Jeannine Hall Gailey, Disability Awareness Month, the Big Bill Spells Disaster, and Essay Writing, Plus a New Poem in Cave Wall Review
Funny how this thing done with pulleys and dumb-
bells is called resistance training: resistance
meaning the capacity to oppose or withstand
an obstacle or impeding force, the biggest one
in this case being your own body— each day toting
its limbs and organs around, so long carrying
brickloads of grief it’s forgotten how to let go of.Luisa A. Igloria, Weight
My Instagram followers will note that I read a lot while we were away, and I loved it. I wrote about 14 new poems…ok, drafts of poems. Some of which may never make it out of first gear, but I have high hopes for 3 or 4. I made some notes and ideas for a few more, so I think the universe is telling me that I need to quit my day job and spend my days reading and writing. Easy.
I presume the funding for that will be earned via poetry. I’ll check my next ALCS statement.
While that doesn’t necessarily mean I have to become a billionaire to do it, I decided I’d be a terrible billionaire while I was away because I hate wearing suncream. There was a logic in there somewhere, but perhaps also several cocktails, so let’s move on.
Mat Riches, Hats off to Klaus
This week I am grateful for friends who have gone on walks with me, met me for coffee (which is often tea or water, but I call it coffee nonetheless), rung me just to say hello, and hugged me when we found ourselves brought together for a special occasion.
Here’s to hearing yourself think and finding the joy in sharing time with others.
Because I have started thinking about a possible entry for Poetry Archive NOW WordView 2025 here’s a poem that I enjoyed entering in the past. It’s about the pond in the park in Herne Bay. My brother and I used to canoe on it, my sister and I saw a gull eat a duckling after swooping for bread, and each visit home includes a walk to see if the terrapin is basking on the rock by the island.

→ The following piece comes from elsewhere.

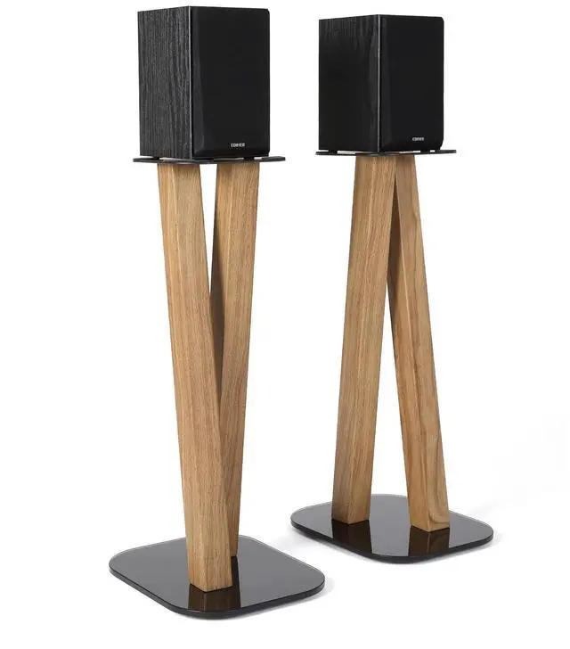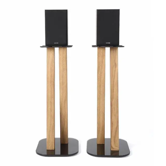 EXIMUS One Pair Fixed Height Universal Speaker Floor Stands - Oak - 600 Series

This poem was written after my sister rang me one day to tell me that the terrapin was not there but that she had seen an abandoned doll floating peacefully in the water.
[…]
Her long hair floats out like golden pondweed,
and she looks happy the abandoned doll;
eyes wide, eyelashes still curled,
that mouth.As if she doesn’t even know
she was thrown in,
left behind.Sue Finch, HOW IT STARTED, HOW IT’S GOING
A few weeks ago, my poem “The world has not been cruel to him yet” went a bit viral.
It was shared by Read A Little Poem, a poetry Instagram account with nearly 100,000 followers. My poem has now gathered over 17,000 likes, 5,000 shares, and a hundred generous comments. My mind was (and is) blown.
A week or so after the poem took on a life of its own, a new follower told me he found my poem on Reddit. Whoa, can I have the link? I asked. He sent it over and I made Rookie Mistake #1:I read through the comments.
Allison Mei-Li, My poetry was torn apart on Reddit
On X (Twitter) today I found the following quote posted by poet Ilya Kaminsky — quoting recently deceased poet Fanny Howe (1940-2025). Howe’s poetic statement, quoted below, is one that applies (for me, at least) to both poetry and mathematics:
One way to understand your own condition is to write something and spend a long time revising it.
In revising you teach yourself. You find your own information buried in your body. It is still alive until you are not.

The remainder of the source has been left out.